School of Computer Engineering and Science, Shanghai University, Shanghai, People's Republic of China.
PLoS One. 2013 Apr 23;8(4):e61533. doi: 10.1371/journal.pone.0061533. Print 2013.
Despite continuing progress in X-ray crystallography and high-field NMR spectroscopy for determination of three-dimensional protein structures, the number of unsolved and newly discovered sequences grows much faster than that of determined structures. Protein modeling methods can possibly bridge this huge sequence-structure gap with the development of computational science. A grand challenging problem is to predict three-dimensional protein structure from its primary structure (residues sequence) alone. However, predicting residue contact maps is a crucial and promising intermediate step towards final three-dimensional structure prediction. Better predictions of local and non-local contacts between residues can transform protein sequence alignment to structure alignment, which can finally improve template based three-dimensional protein structure predictors greatly.

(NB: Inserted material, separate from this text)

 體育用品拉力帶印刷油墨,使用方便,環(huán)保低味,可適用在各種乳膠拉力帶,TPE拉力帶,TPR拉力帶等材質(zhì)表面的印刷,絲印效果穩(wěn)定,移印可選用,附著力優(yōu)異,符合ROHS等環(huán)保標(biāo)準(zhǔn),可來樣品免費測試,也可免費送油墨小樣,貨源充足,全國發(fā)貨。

CNNcon, an improved multiple neural networks based contact map predictor using six sub-networks and one final cascade-network, was developed in this paper. Both the sub-networks and the final cascade-network were trained and tested with their corresponding data sets. While for testing, the target protein was first coded and then input to its corresponding sub-networks for prediction. After that, the intermediate results were input to the cascade-network to finish the final prediction.

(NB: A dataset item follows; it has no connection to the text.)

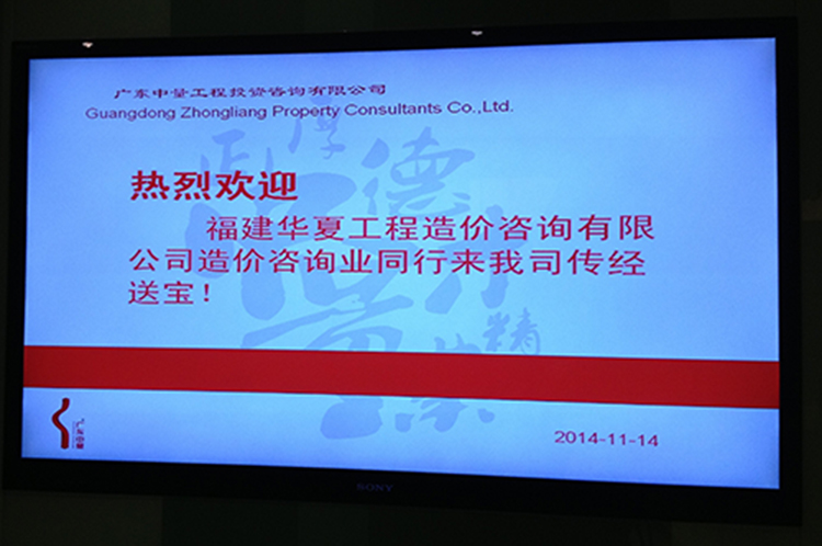 2014年11月14日,公司 董事长:黄启兴,副总经理:方金辉、陈林梅,赴广州市与广东中量工程投资咨询有限公司、广州市宏正工程造价咨询有限公司交流学习。

The CNNcon can accurately predict 58.86% in average of contacts at a distance cutoff of 8 Å for proteins with lengths ranging from 51 to 450. The comparison results show that the present method performs better than the compared state-of-the-art predictors. Particularly, the prediction accuracy keeps steady with the increase of protein sequence length. It indicates that the CNNcon overcomes the thin density problem, with which other current predictors have trouble. This advantage makes the method valuable to the prediction of long length proteins. As a result, the effective prediction of long length proteins could be possible by the CNNcon.
尽管 X 射线晶体学和高场 NMR 光谱学在确定三维蛋白质结构方面不断取得进展,但未解决和新发现的序列数量的增长速度远远快于确定结构的数量。随着计算科学的发展,蛋白质建模方法有可能弥补这一巨大的序列-结构差距。一个巨大的挑战性问题是仅从其一级结构(残基序列)预测三维蛋白质结构。然而,预测残基接触图是朝着最终三维结构预测迈出的关键而有前途的中间步骤。更好地预测残基之间的局部和非局部接触可以将蛋白质序列比对转化为结构比对,从而最终大大改进基于模板的三维蛋白质结构预测器。

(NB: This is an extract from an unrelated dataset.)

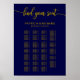 Alfabetiskt bröllopsplatsschema guld marinblå poster
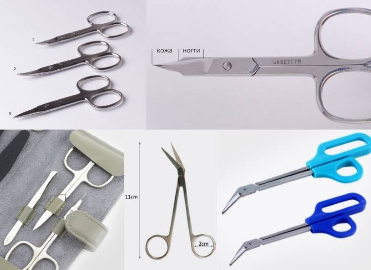 Для удаления кутикулы, заусенцев и очищения пазух боковых валиков используют ножницы с изогнутыми полотнами и заострёнными концами.

本文开发了一种使用六个子网络和一个最终级联网络的基于改进的多个神经网络的接触图预测器 CNNcon。子网络和最终级联网络都使用相应的数据集进行训练和测试。在测试时,首先对目标蛋白质进行编码,然后将其输入到相应的子网络中进行预测。之后,将中间结果输入级联网络以完成最终预测。
CNNcon 可以准确预测长度在 51 到 450 之间的蛋白质在距离截止值为 8 Å 时的接触点,平均准确率为 58.86%。比较结果表明,本方法的性能优于比较的最先进的预测器。特别是,随着蛋白质序列长度的增加,预测精度保持稳定。这表明 CNNcon 克服了其他当前预测器难以解决的密度稀疏问题。该优势使该方法对长链蛋白质的预测具有价值。因此,通过 CNNcon 可以实现对长链蛋白质的有效预测。